A one-way function is a function that is easy to compute on every input, but hard to invert given **the image of a random input**. Here, "easy" and "hard" are to be understood in the sense of computational complexity theory, specifically the theory of polynomial time problems.

### Function collision

**Modulo hash function**

The ideal hash function is expected to create one-to-one correspondence for the elements of the input set to the elements of the output set. The **collision** of the hash function is some elements from input set, that map to the same element from th output: $ x, y \in \mathcal{U}, x \neq y \implies \{ h \in \mathcal{H}: h(x) = h(y) \} $.

**Example**


**Given:**

A simple modulo hash function $ h(x) = x \pmod{p} $, where $ p $ is a word base in bits, for instance, **INT_BASE** = 32 bits.

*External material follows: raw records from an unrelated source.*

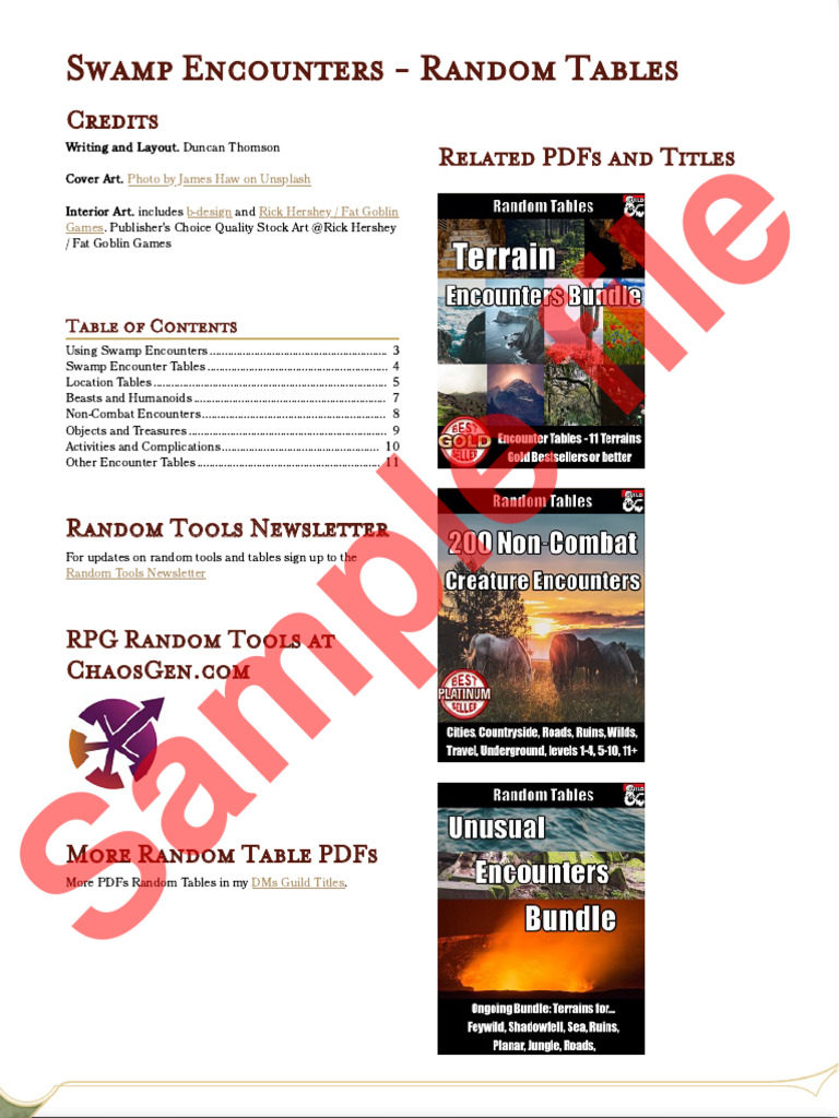 Swamp Encounter Tables ............................................................. 4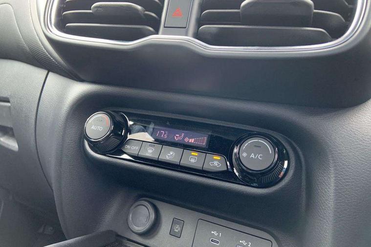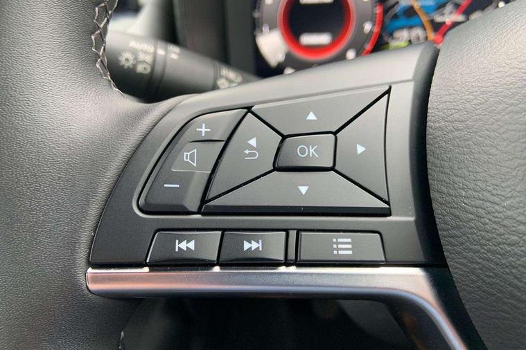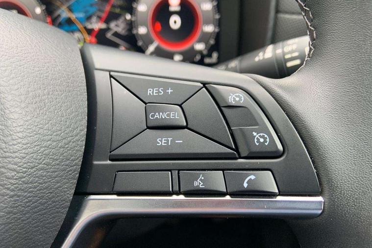 12.3" full colour TFT screen combimeter, Drive modes select (Eco, normal and sport), Emergency and breakdown call, Front parking sensor, Idle start/stop system, Intelligent driver alert system, Intelligent lane intervention, Lane departure warning system, Nissan connect 12.3" touch screen entertainment system, Nissan connect nav with TomTom traffic, Nissan connect services, Outside temperature sensor, Power Steering, Rear parking sensor, Stop/start button, Traffic sign recognition, Trip computer, Voice recognition, WiFi connectivity, Wireless Apple CarPlay and Google Android auto, Wireless Smartphone charger, 2 X Rear console USB port, 6 speakers, Bluetooth system, USB, Aux-in and 12V socket, DAB Digital radio, Auto dimming frameless rear view mirror, Automatic hazard signal with emergency stop signal, Body colour door handles, Electrically adjustable door mirrors with integrated indicators, Follow me home headlights, Front and rear electric window with one touch driver window, Heated and auto folding door mirrors, High beam assist, LED 3rd brake light, LED daytime running lights, LED headlamps, LED rear fog lamp, LED rear lamps, One touch passenger window, Rain sensor windscreen wipers, Rear privacy glass, Rear side wing doors, Rear wiper, Roof spoiler, Shark fin roof antenna in solid Black, Three blink turn signal, 3 height adjustable rear headrests, 3 seat bench in 2nd row, 60/40 split folding rear seat, Automatic climate control, Card holder on driver sunvisor, Cloth/Synthetic leather with melange fabric inserts, Driver side rear coat hanger, Driver/passenger sunvisors and vanity mirrors, Front and rear cabin lights, Front armrest, Front door pockets with bottle holders, Front head restraints, Front/rear passenger grab handles, Height adjustable driver's seat, Internal chrome door handles, Leather gearshift knob, Luggage board, Luggage space lighting, Monoform sporty seats, Multifunction steering wheel, Rear door bottle holders, Single front passenger seat, Smooth synthetic leather steering wheel, Synthetic leather kneepad, Telescopic steering wheel adjustment, Two cupholders in front centre console, Two rear isofix child seat anchorage points with top tether, Welcome light and console tray ambient lighting, ABS with EBD and brake assist, Active ride control, Active Trace Control, Driver and passenger airbags, Driver and passenger side airbags, Electric handbrake with auto hold function, Electronic Stability Programme (ESP), Front and rear curtain airbags, Height adjustable seatbelts, Hill start assist, Intelligent emergency braking with pedestrian and cyclist recognition, Rear door child safety locks, Seatbelt reminder for driver/front passenger and rear seats, Three 3 point rear seatbelts, Traction control, Tyre pressure monitoring system, VDC Dynamic Vehicle Control, Alarm, Immobiliser, Intelligent key and start push button with walk away lock and approach unlock functions, Remote central locking, 17" Alloy wheels, Tyre puncture repair kit,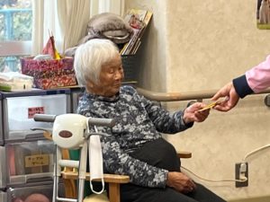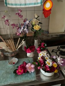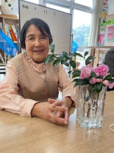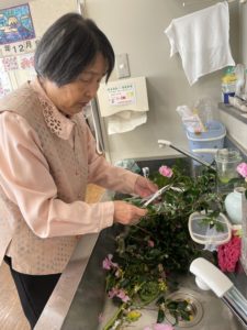 中平さん「たかこさん、自宅にて綺麗に花を生けられていました。デイにも沢山花があったので綺麗に生けてくださいました。」
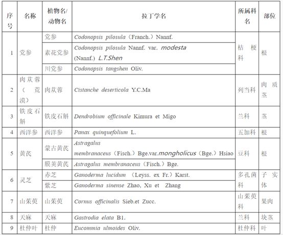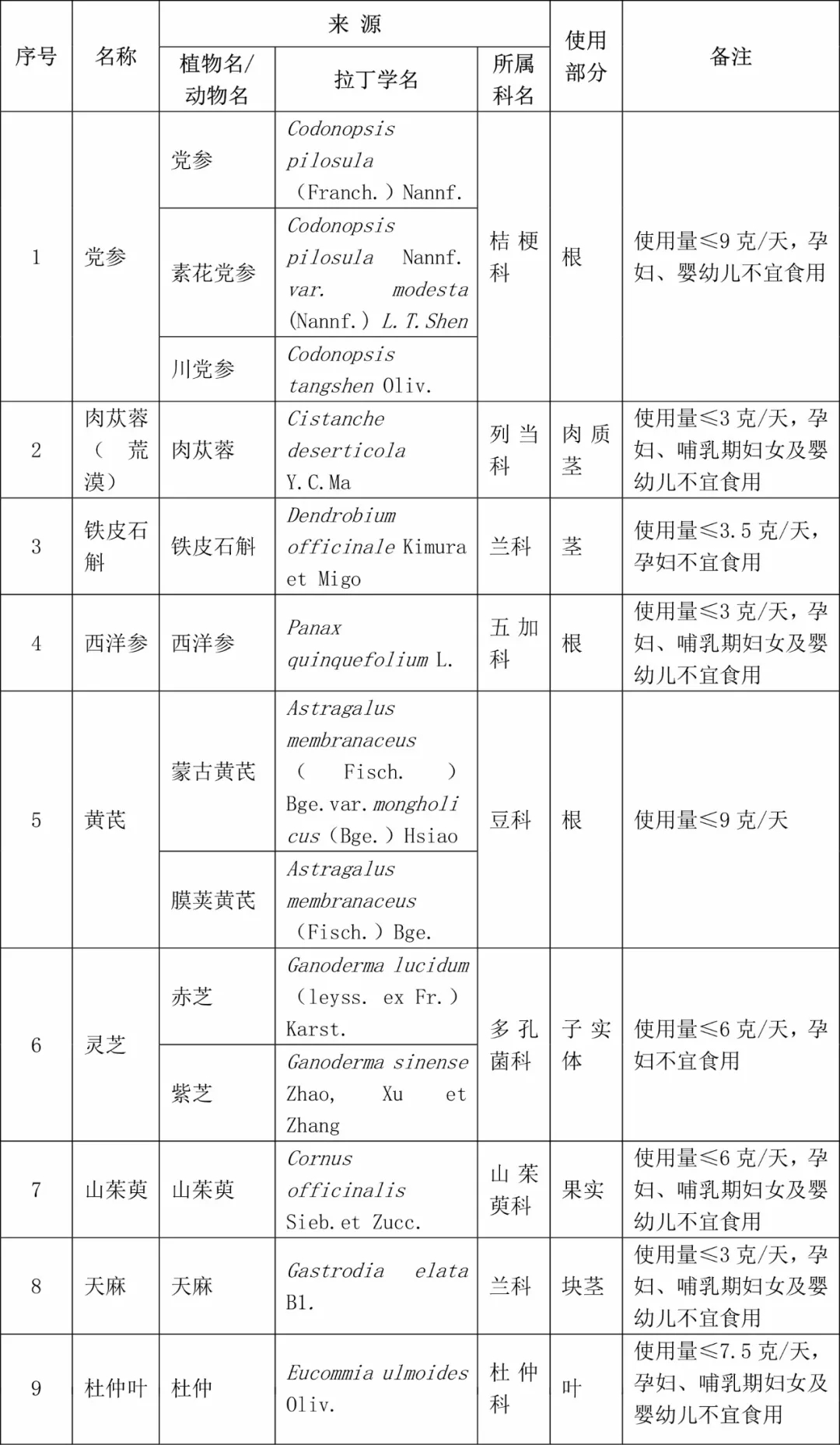 “党参等9种试点按照传统既是食品又是中药材的物质名单”

The cardinal value of the input set is $ n $: $n = card(\Omega)$

In [1]:
WORD_BASE = 32

**Find:**
- 1) The probability of the function collision;
- 2) Which $ n $ gives the probability of 100%;

**Solution:**

1) The output values range of the function, obviously, is $ [0, p-1] $, which means that all possible elements from output set are mapped to the remainders of their division by $ p $. The task now can be interpreted in the following: find the probability of collision of two random numbers from the subset of $ [0, p-1] $. The total amount of the combinations equals $ p^{n} $ and the amount of sets without collision equals $ \frac{p!}{(p-n)!} $. So the probability of the appearance of not collided pairs equals $ \frac{1}{p^{n}} \cdot \frac{p!}{(p-n)!} $. Obviously, $P_{not collided} + P_{collided} = 1$, which means: $P_{collided} = 1 - \frac{p!}{p^{n} \cdot (p-n)!} $

2) According to the **Dirichlet's drawer principle**: a function $ f: A \to B $ maps exact value from the set at least $ n + 1 $ times, if sets $ A $ and $ B $ are finite and $ |A| > n \cdot |B| $ and $ n \in \mathbb{N} $.

In [2]:
mod_hash = lambda message: message % WORD_BASE

Test cases

In [3]:
assert mod_hash(0) == 0
assert mod_hash(68) == 4
assert mod_hash(111) == 15